* [Exercise details] Write out a word-for-word repetition of the lines that come before the line containing "Semirreboque de parede" in the listing below, along with that line itself, omitting pictures.

* [Information shown]
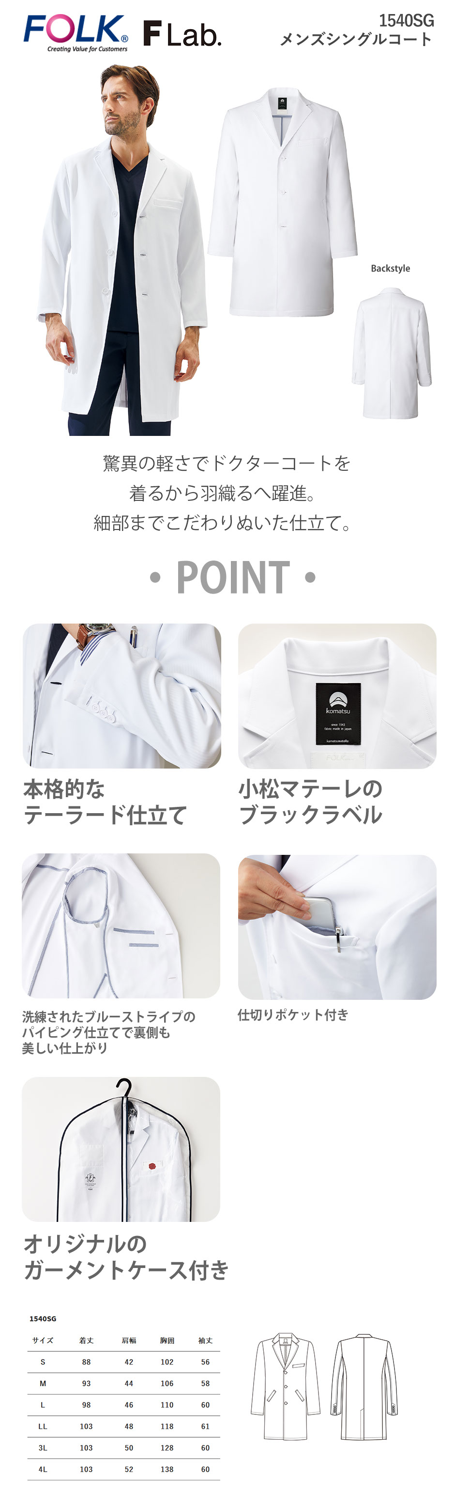 ドクターコート 白衣 1540SG Flab. メンズシングルコート FOLK フォーク メンズ 男性用 長袖 ロング丈 医者 病院 看護師 薬剤師 エステ 薬局 医療用 制服 ユニフォーム 軽量 高級 襟 名入れ おしゃれ かっこいい 動きやすい おすすめ
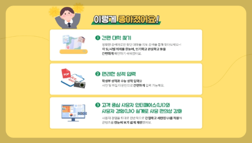 또한 학년별, 입시 시기별로 차별화된 정보를 제공할 뿐만 아니라 기존에 수동으로 입력해야 했던 학생부 성적과 모의고사 성적을 정부24 홈페이지와 한국교육과정평가원의 수능 성적표 발급 시스템에서 내려받아 자동으로 입력할 수 있는 기능도 추가했다.
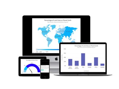 Below are four simple steps that you need to follow to build a Svelte app with a chart, gauge, and map. We’ll display the percentage of land area for each continent, taking the data from enchantedlearning.com. As an example, the chart, gauge, and map appear as seen below. They are displayed one after the other within the rendered app.
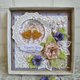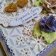 制作此卡片使用的材料包含:卡纸、设计师纸张、手工花叶、仿旧印台、压印粉、裂纹漆。
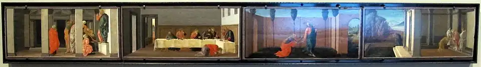 Undoubtably the rarest works and those upon which an orthodox collection rests most securely for its prestige are to be found among the Italian paintings. There are Pesellino's Virgin and Child Between Two Saints, an early Corregio, a portrait by Botticelli of extreme historical as well as aesthetic interest, and a beautiful predella by that master recounting the legend of Mary Magdalen, a magnificently dramatic Pietà by Crivelli, and a decorative pair of panels by Cima da Conegliano, Carpaccio's tender Story of Alcione, a Virgin and Child by Giovanni Bellini, a Magdalen Reading by Luca Signorelli, authentic specimens of Basaiti and Catena, and other paintings that in more than one instance represent masters to be found in but few of the great European galleries.
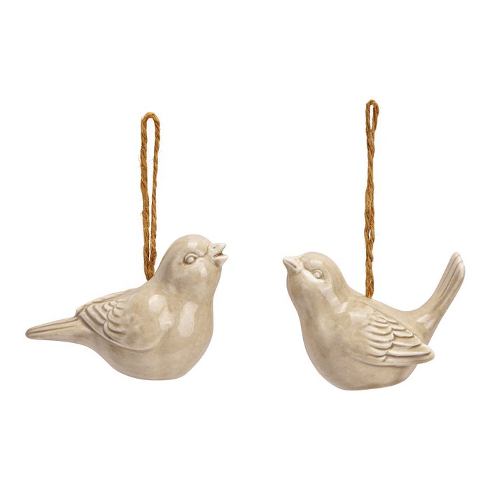Pendentif Oiseau en Porcelaine Beige, 2 Modèles au Choix, 9x4x4cm
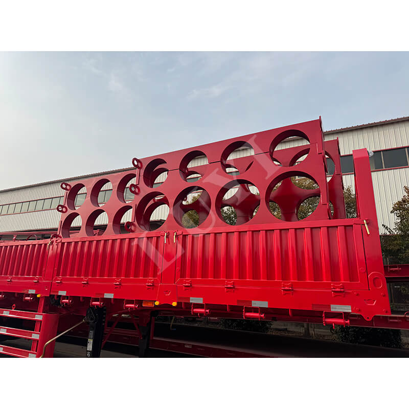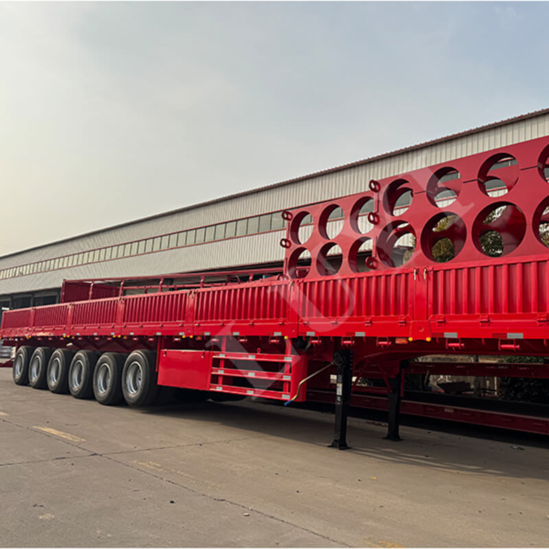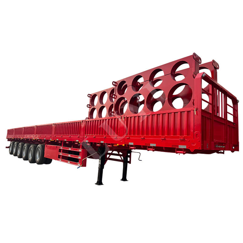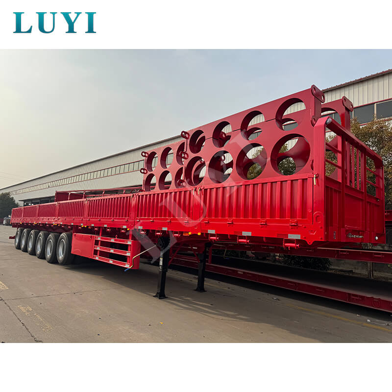 Semirreboque de parede lateral LUYI de 6 eixos, 15,5 m, 80-100 toneladas e 40 pés, também chamado de semirreboque tipo estaca/plataforma, é originário de Shandong, China. É um semirreboque de alta qualidade projetado para o transporte de contêineres e cargas a granel. Feito inteiramente de aço, mede 15500x2500x1600mm e tem uma carga útil máxima efetiva de 60-100 toneladas, ostentando forte capacidade de carga para atender facilmente às necessidades de transporte de carga pesada.
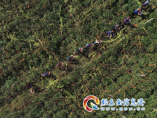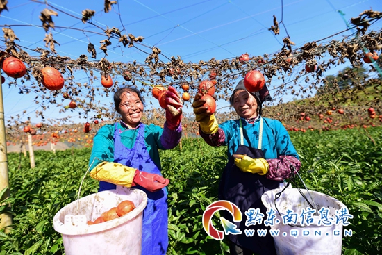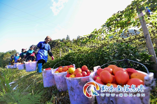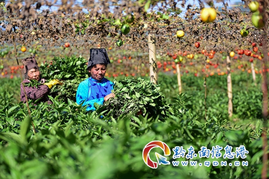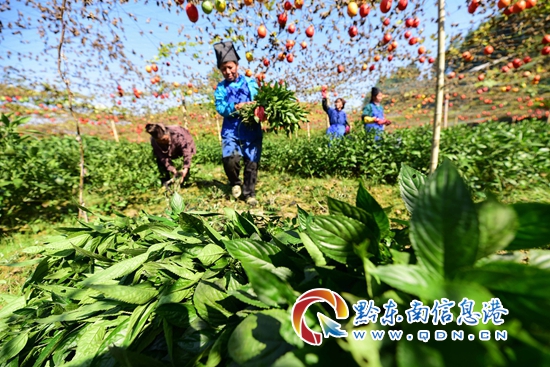 本網訊 立冬臨近,貴州省黔東南苗族侗族自治州丹寨縣排調鎮也要村揚起苗寨村民搶抓晴好天氣,在套種產業基地里采摘吊瓜、收割藍靛,田間地頭一派喜獲雙豐收的繁忙景象。
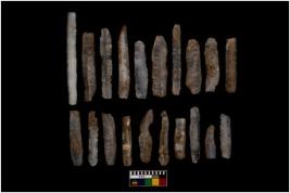 | Description / विवरण | There are 20 microlithic blades of the material Chalcedony. All the blades are in intact condition. Some of the blades are re-touched. |
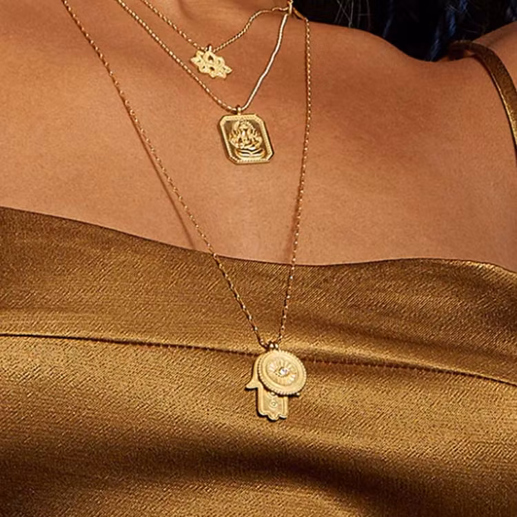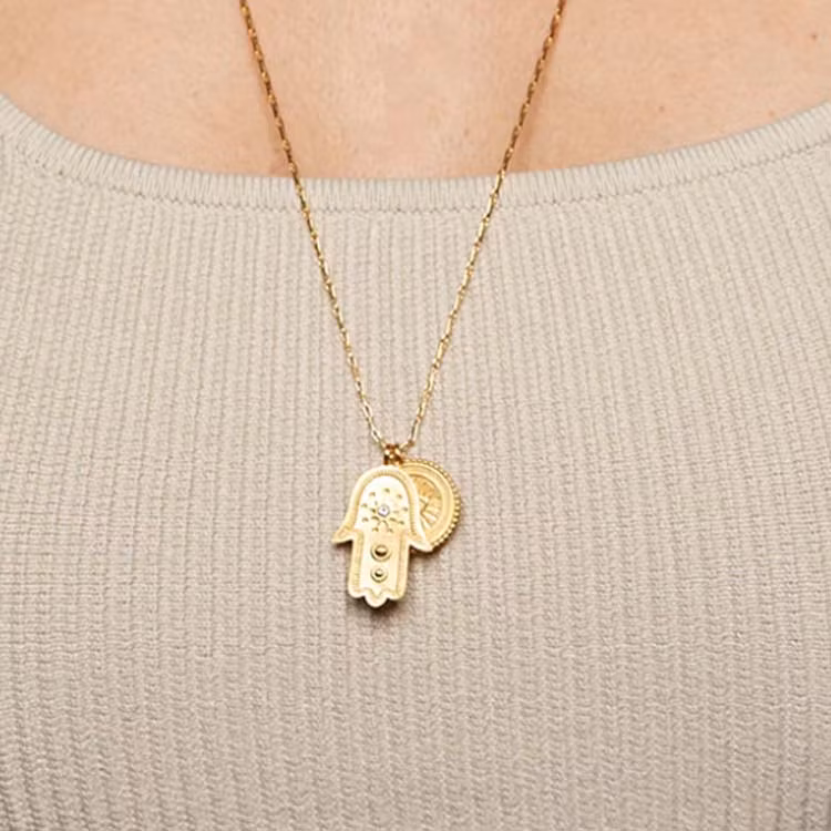 Magiskt halsband från Satya i förgylld mässing med ett hänge föreställande Hamsas hand som står för välsignelse och skydd. Bredvid Hamsas hand "The Evil Eye" (Onda ögat) som står för skydd, intuition och upplysning "Låt din ande vara lätt på din väg till sanning, för du är skyddad mot negativitet och skada"
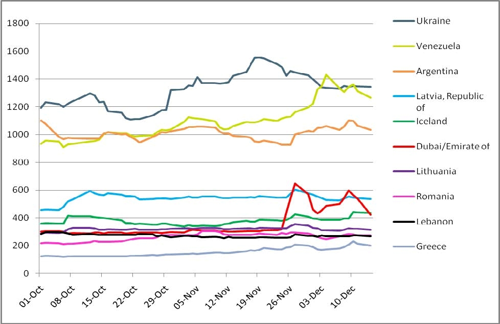 De top-10 wordt samengeteld op basis van de prijzen van credit default swaps. Bovenaan de lijst prijken de voormalige Oostbloklanden, conflicthaarden en dictaturen met veel olie.
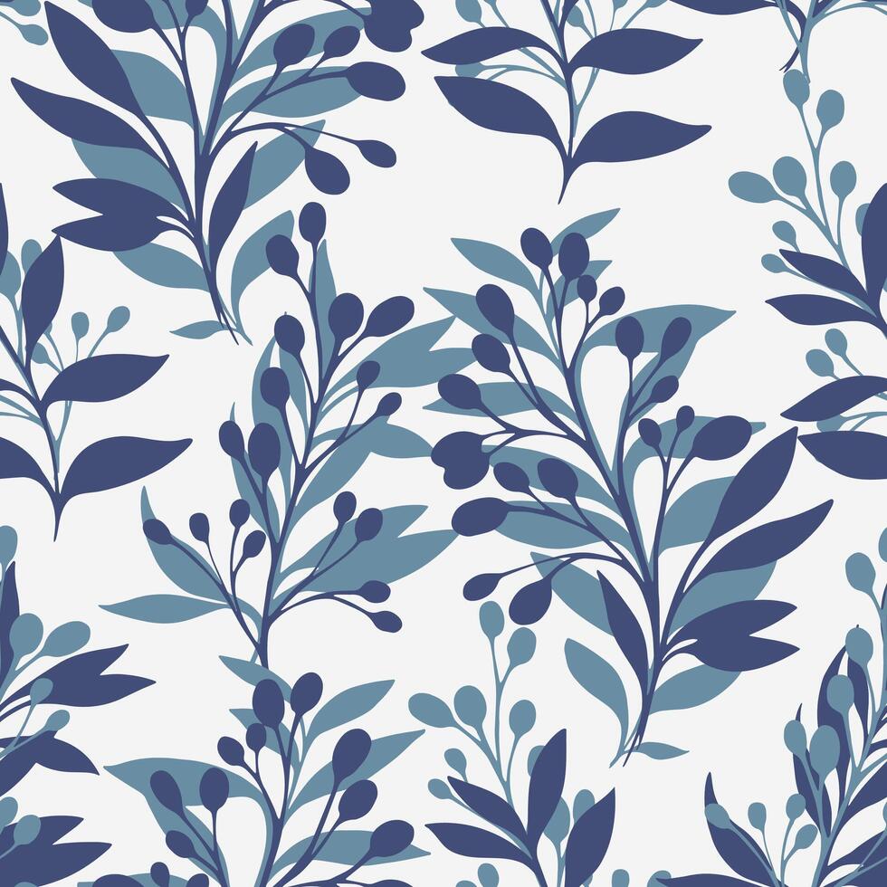Seamless pattern featuring layered leafy branches in rich navy and soft blue tones on a light background, creating an elegant botanical design perfect for textiles, decor, and packaging Pro Vector
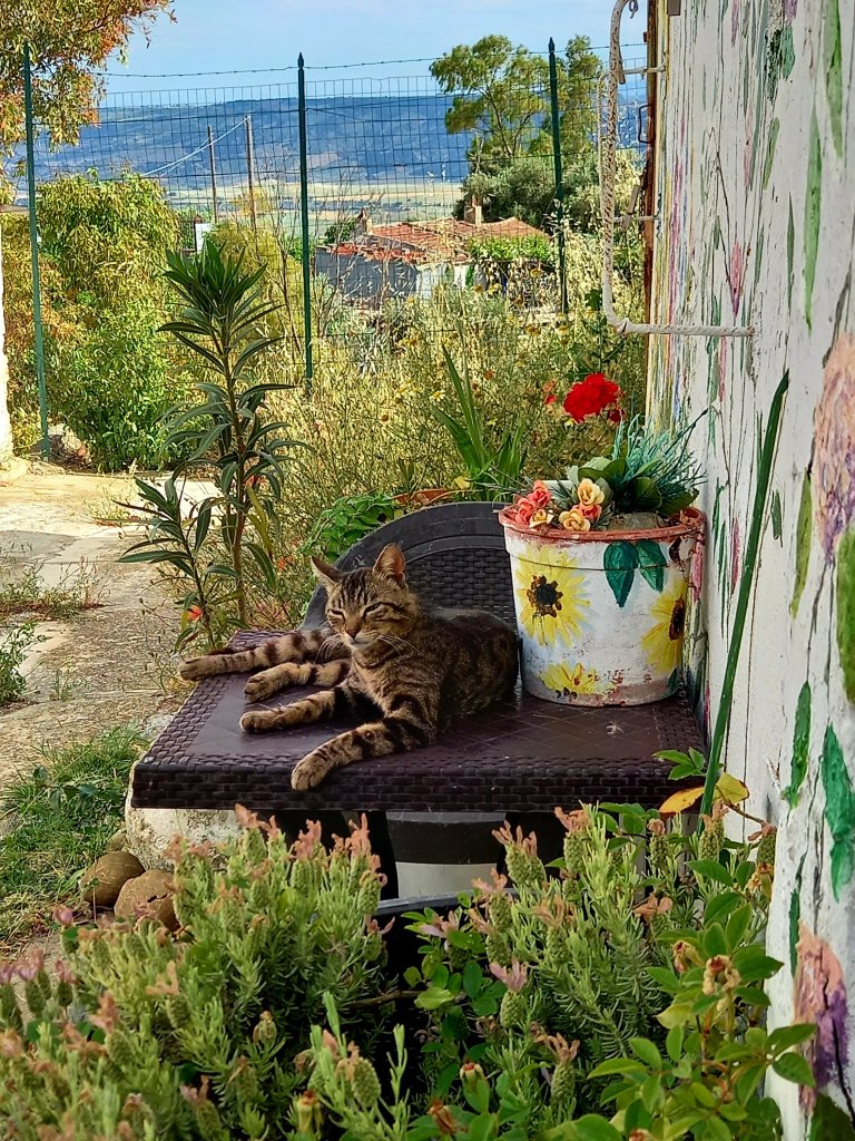 Finally my doorstep is just about perfect. I can see out over the hills in one direction and through the oleander up to the castle in the other. But no one can see me unless they are very close.
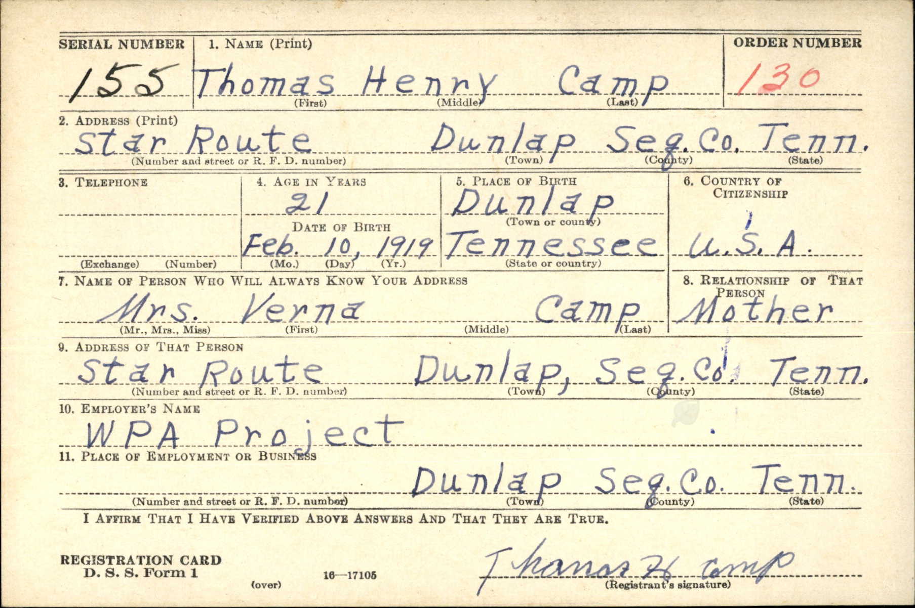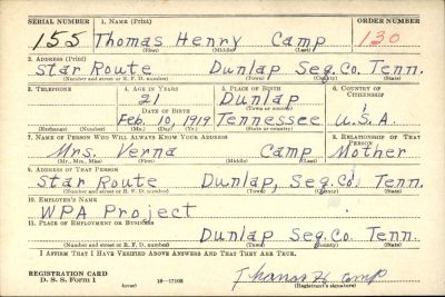 Thomas Henry Camp was the son of Dillard Wayne Camp and Verna Land. He was married to Bertie Rhea Richardson.
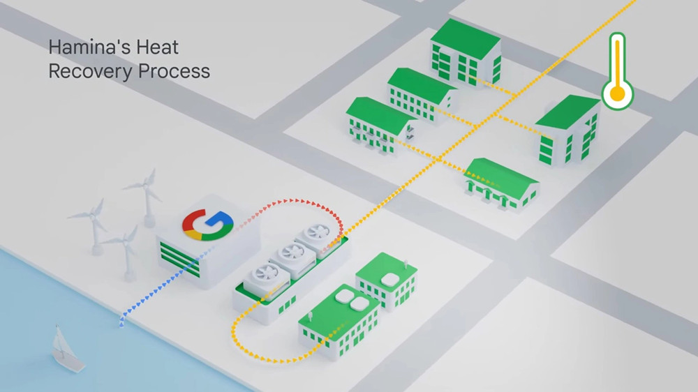 谷歌宣称其位于哈米纳的数据中心目前有 97% 的电力供应来源于清洁能源,因此其向 Haminan Energia 提供的热能也将绝大部分来自无碳足迹能源。

* [Expected output]
 ドクターコート 白衣 1540SG Flab. メンズシングルコート FOLK フォーク メンズ 男性用 長袖 ロング丈 医者 病院 看護師 薬剤師 エステ 薬局 医療用 制服 ユニフォーム 軽量 高級 襟 名入れ おしゃれ かっこいい 動きやすい おすすめ
 또한 학년별, 입시 시기별로 차별화된 정보를 제공할 뿐만 아니라 기존에 수동으로 입력해야 했던 학생부 성적과 모의고사 성적을 정부24 홈페이지와 한국교육과정평가원의 수능 성적표 발급 시스템에서 내려받아 자동으로 입력할 수 있는 기능도 추가했다.
 Below are four simple steps that you need to follow to build a Svelte app with a chart, gauge, and map. We’ll display the percentage of land area for each continent, taking the data from enchantedlearning.com. As an example, the chart, gauge, and map appear as seen below. They are displayed one after the other within the rendered app.
 制作此卡片使用的材料包含:卡纸、设计师纸张、手工花叶、仿旧印台、压印粉、裂纹漆。
 Undoubtably the rarest works and those upon which an orthodox collection rests most securely for its prestige are to be found among the Italian paintings. There are Pesellino's Virgin and Child Between Two Saints, an early Corregio, a portrait by Botticelli of extreme historical as well as aesthetic interest, and a beautiful predella by that master recounting the legend of Mary Magdalen, a magnificently dramatic Pietà by Crivelli, and a decorative pair of panels by Cima da Conegliano, Carpaccio's tender Story of Alcione, a Virgin and Child by Giovanni Bellini, a Magdalen Reading by Luca Signorelli, authentic specimens of Basaiti and Catena, and other paintings that in more than one instance represent masters to be found in but few of the great European galleries.
Pendentif Oiseau en Porcelaine Beige, 2 Modèles au Choix, 9x4x4cm
 Semirreboque de parede lateral LUYI de 6 eixos, 15,5 m, 80-100 toneladas e 40 pés, também chamado de semirreboque tipo estaca/plataforma, é originário de Shandong, China. É um semirreboque de alta qualidade projetado para o transporte de contêineres e cargas a granel. Feito inteiramente de aço, mede 15500x2500x1600mm e tem uma carga útil máxima efetiva de 60-100 toneladas, ostentando forte capacidade de carga para atender facilmente às necessidades de transporte de carga pesada.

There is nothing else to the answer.